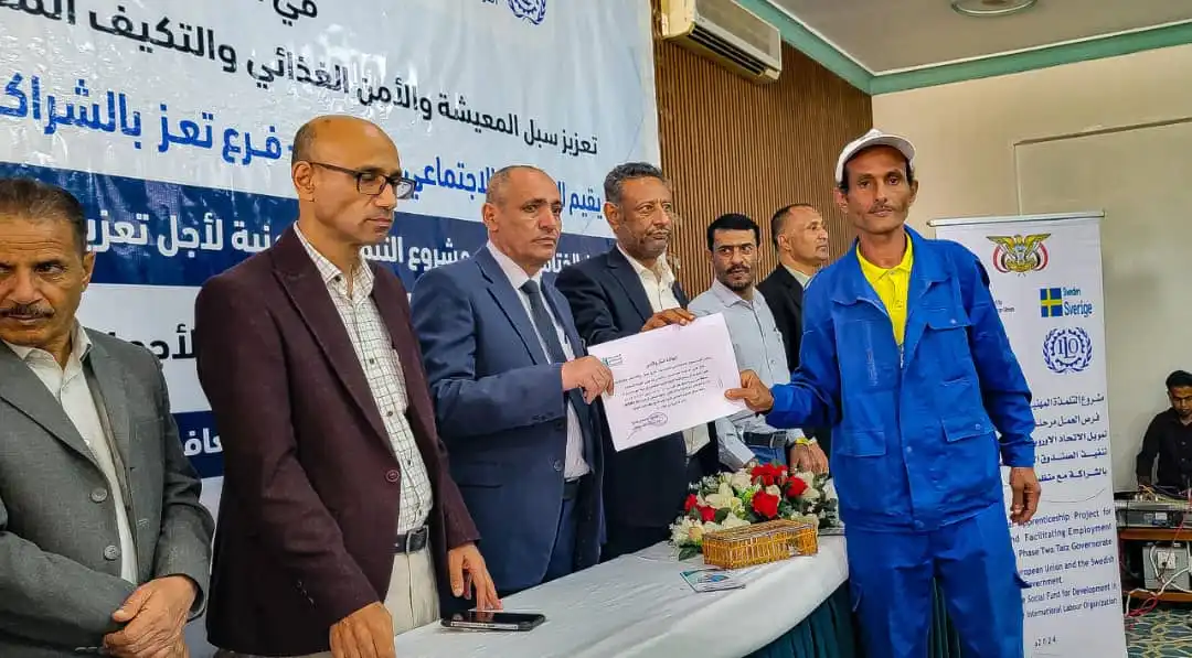 وكيل محافظة تعز يكرم خريجي مشروع التلمذة المهنية
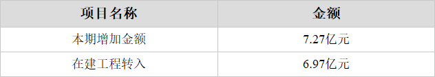 本期在建工程转入6.97亿元
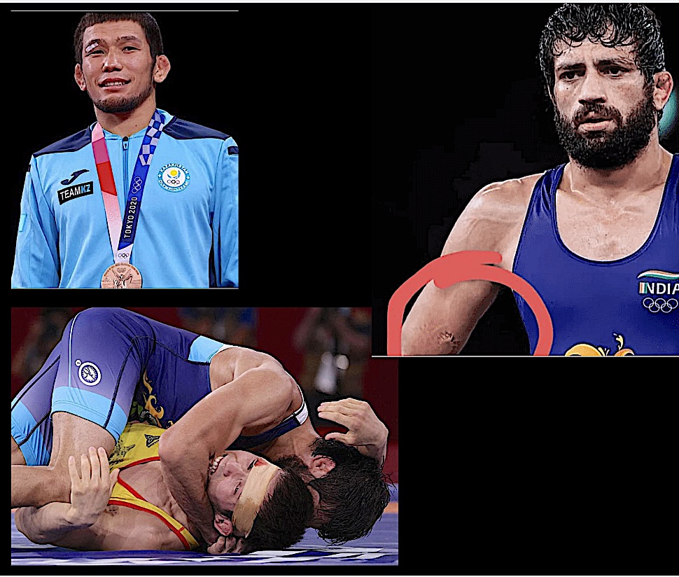 Il kazako morde Kumar al bicipite destro provocandogli una ferita, intervento del medico. Borsa di ghiaccio sul braccio infortunato. Nessun proveddimento disciplinare. Si riprende, l’indiano vince per atterramento e va in finale.
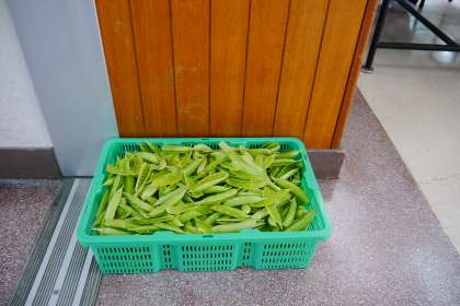 えんどうは旬の時期ですので、調理員さんが朝から生のものをむいて調理してくださいました。
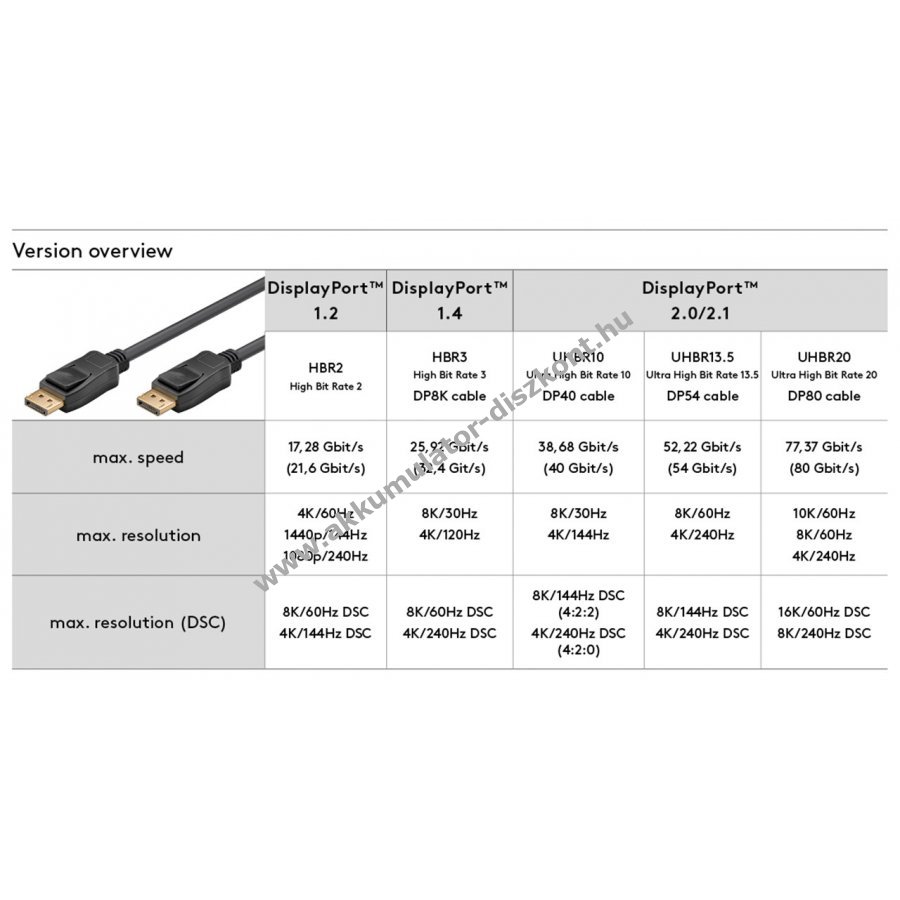 Nagyfelbontású 4K képátvitel 60 Hz-en és 3D támogatás 2560x1600 120 Hz-ig. Kompatibilis Dolby TrueHD és DTS-HD térhangzással. 21,6 Gbit/s maximális adatátviteli sebesség a tökéletes, késleltetésmentes játékhoz és HD streaminghez. Masszív kialakítás számítógépekhez és laptopokhoz képernyő vagy projektor csatlakoztatásához. DisplayPort 1.2 támogatja a Multi-Stream-Transportot (MST) akár három monitor egyidejű csatlakoztatásához egyetlen kábellel. 8 csatornás HD hangátvitel DTS-HD, Dolby TrueHD és 7.1 térhangzáshoz. HDCP 1.3 védelem a titkosított tartalmak zavartalan továbbításához Blu-ray, streaming vagy konzol esetén.
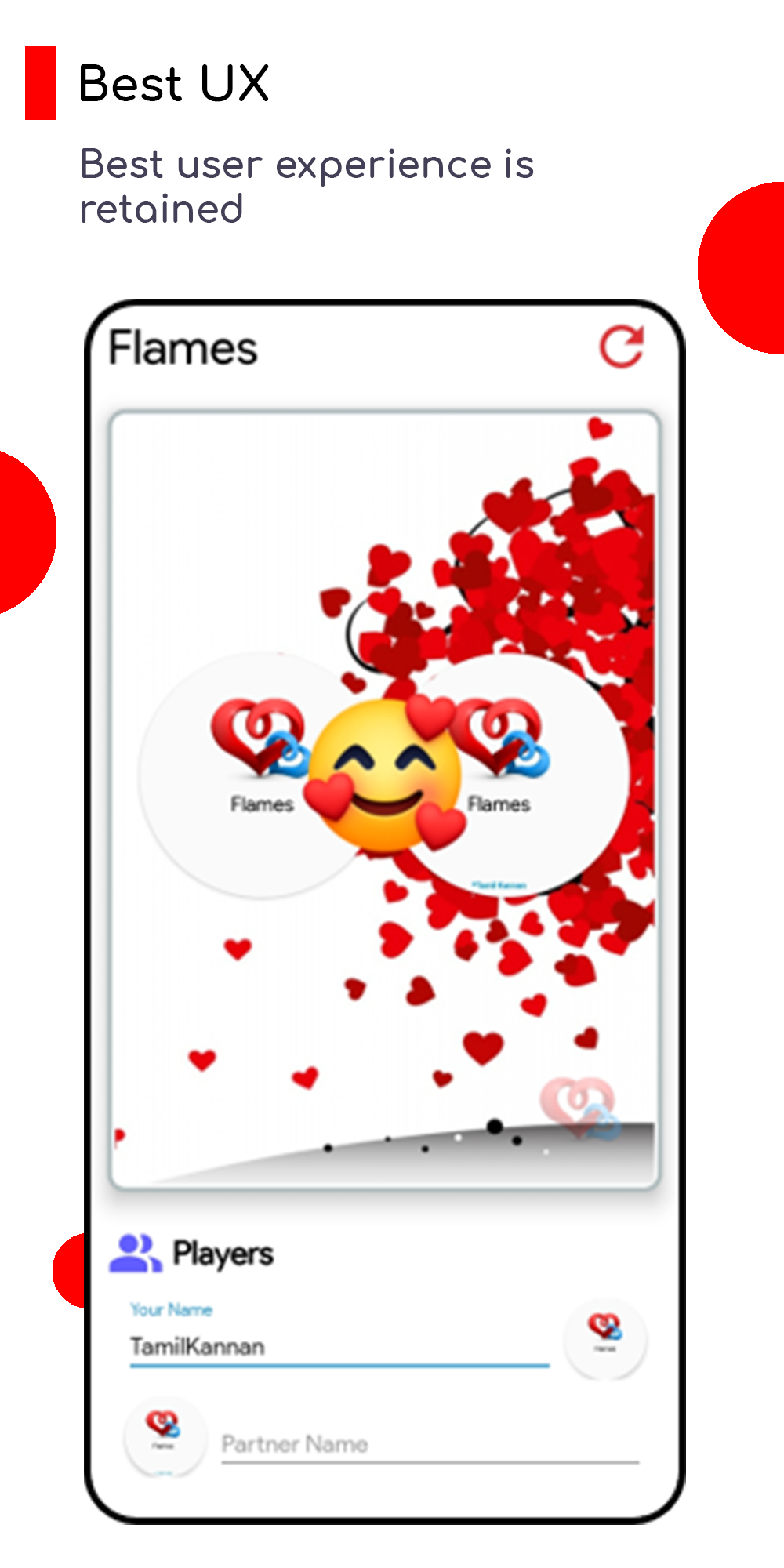 - Enter your partner name as well Flames will automatically show an analytic result about your relationship
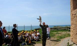 ANZIO, CLASSI IN VISITA A TOR CALDARA. I BAMBINI SALUTANO UN FALCO LIBERATO DAGLI OPERATORI

## Aim of the exercise
Which lines fall between the one containing "本期在建工程转入6.97亿元" and the last line of the listing, both included? Give them again exactly, without the pictures.

## Result below
 本期在建工程转入6.97亿元
 Il kazako morde Kumar al bicipite destro provocandogli una ferita, intervento del medico. Borsa di ghiaccio sul braccio infortunato. Nessun proveddimento disciplinare. Si riprende, l’indiano vince per atterramento e va in finale.
 えんどうは旬の時期ですので、調理員さんが朝から生のものをむいて調理してくださいました。
 Nagyfelbontású 4K képátvitel 60 Hz-en és 3D támogatás 2560x1600 120 Hz-ig. Kompatibilis Dolby TrueHD és DTS-HD térhangzással. 21,6 Gbit/s maximális adatátviteli sebesség a tökéletes, késleltetésmentes játékhoz és HD streaminghez. Masszív kialakítás számítógépekhez és laptopokhoz képernyő vagy projektor csatlakoztatásához. DisplayPort 1.2 támogatja a Multi-Stream-Transportot (MST) akár három monitor egyidejű csatlakoztatásához egyetlen kábellel. 8 csatornás HD hangátvitel DTS-HD, Dolby TrueHD és 7.1 térhangzáshoz. HDCP 1.3 védelem a titkosított tartalmak zavartalan továbbításához Blu-ray, streaming vagy konzol esetén.
 - Enter your partner name as well Flames will automatically show an analytic result about your relationship
 ANZIO, CLASSI IN VISITA A TOR CALDARA. I BAMBINI SALUTANO UN FALCO LIBERATO DAGLI OPERATORI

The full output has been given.